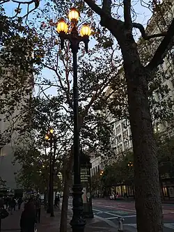 Willis Polk designed the Path of Gold Street Lamps in 1908 for United Railways’ trolley poles with street lights. The tops were designed in 1916 by sculptor Leo Lentelli and engineer Walter D'Arcy Ryan. The Winning of the West bases were designed by sculptor Arthur Putnam and feature three historical subjects: covered wagons, mountain lions, and alternating prospectors and Indians. The City required the highly ornamental poles to permit the much-opposed overhead trolley wires.[22]
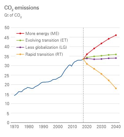 The problem with ET is that it would see CO2 emissions rise by 7 per cent, so a Rapid transition (RT) scenario has been formulated which see carbon emissions fall by 45 per cent by 2040:
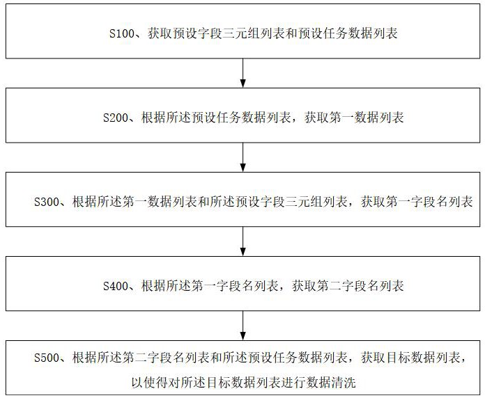 本发明涉及计算机技术领域,尤其是一种数据清洗方法、装置、设备及介质,其中,所述方法包括:获取预设字段三元组列表和预设任务数据列表;根据所述预设任务数据列表,获取第一数据列表;根据所述第一数据列表和所述预设字段三元组列表,获取第一字段名列表;根据所述第一字段名列表,获取第二字段名列表;根据所述第二字段名列表和所述预设任务数据列表,获取目标数据列表,以使得对所述目标数据列表进行数据清洗;可知,只使用一个通用性强的数据清洗判断条件对待处理数据进行数据清洗,存储量较小,不会造成资源浪费;对待处理数据按照多种方法进行处理,获取目标数据列表,减少了系统整体的数据处理量,有利于提高系统的运行效率。
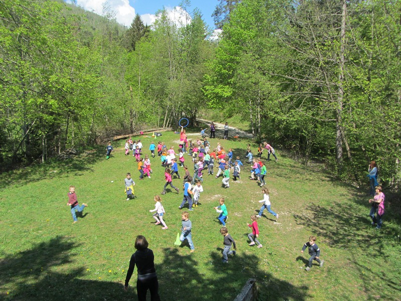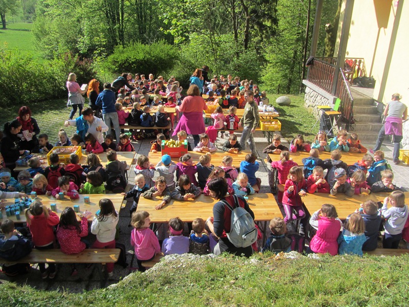 Kot se za nagrado spodobi, smo se v petek, 25. aprila, po še enem uspešnem koncertu, odpravili v Čepovan, ki je bil ta dan obsijan s soncem. Otroci vseh treh enot smo se najprej ustavili pred Medgeneracijskim domom Čepovan, kjer smo imeli prav posebno malico, kar zunaj.
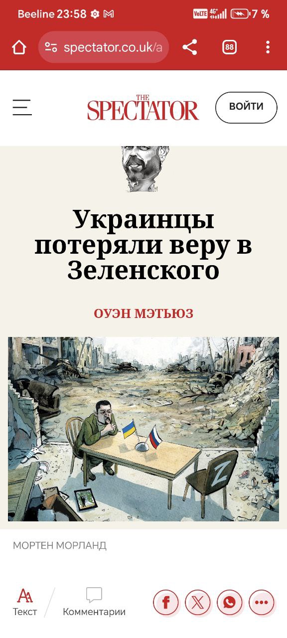В британском еженедельном журнале The Spectator вышла печальная для украинской власти и Зеленского статья. Кроме прямых цитат бывших и нынешних чиновников о об утрате Зеленским доверия несмотря на круглосуточную пропаганду, издание приводит и социологические данные:

◆ Your objective
The records above are to be repeated word for word, with the pictures omitted.

◆ Output of the exercise
 Willis Polk designed the Path of Gold Street Lamps in 1908 for United Railways’ trolley poles with street lights. The tops were designed in 1916 by sculptor Leo Lentelli and engineer Walter D'Arcy Ryan. The Winning of the West bases were designed by sculptor Arthur Putnam and feature three historical subjects: covered wagons, mountain lions, and alternating prospectors and Indians. The City required the highly ornamental poles to permit the much-opposed overhead trolley wires.[22]
 The problem with ET is that it would see CO2 emissions rise by 7 per cent, so a Rapid transition (RT) scenario has been formulated which see carbon emissions fall by 45 per cent by 2040:
 本发明涉及计算机技术领域,尤其是一种数据清洗方法、装置、设备及介质,其中,所述方法包括:获取预设字段三元组列表和预设任务数据列表;根据所述预设任务数据列表,获取第一数据列表;根据所述第一数据列表和所述预设字段三元组列表,获取第一字段名列表;根据所述第一字段名列表,获取第二字段名列表;根据所述第二字段名列表和所述预设任务数据列表,获取目标数据列表,以使得对所述目标数据列表进行数据清洗;可知,只使用一个通用性强的数据清洗判断条件对待处理数据进行数据清洗,存储量较小,不会造成资源浪费;对待处理数据按照多种方法进行处理,获取目标数据列表,减少了系统整体的数据处理量,有利于提高系统的运行效率。
 Kot se za nagrado spodobi, smo se v petek, 25. aprila, po še enem uspešnem koncertu, odpravili v Čepovan, ki je bil ta dan obsijan s soncem. Otroci vseh treh enot smo se najprej ustavili pred Medgeneracijskim domom Čepovan, kjer smo imeli prav posebno malico, kar zunaj.
В британском еженедельном журнале The Spectator вышла печальная для украинской власти и Зеленского статья. Кроме прямых цитат бывших и нынешних чиновников о об утрате Зеленским доверия несмотря на круглосуточную пропаганду, издание приводит и социологические данные:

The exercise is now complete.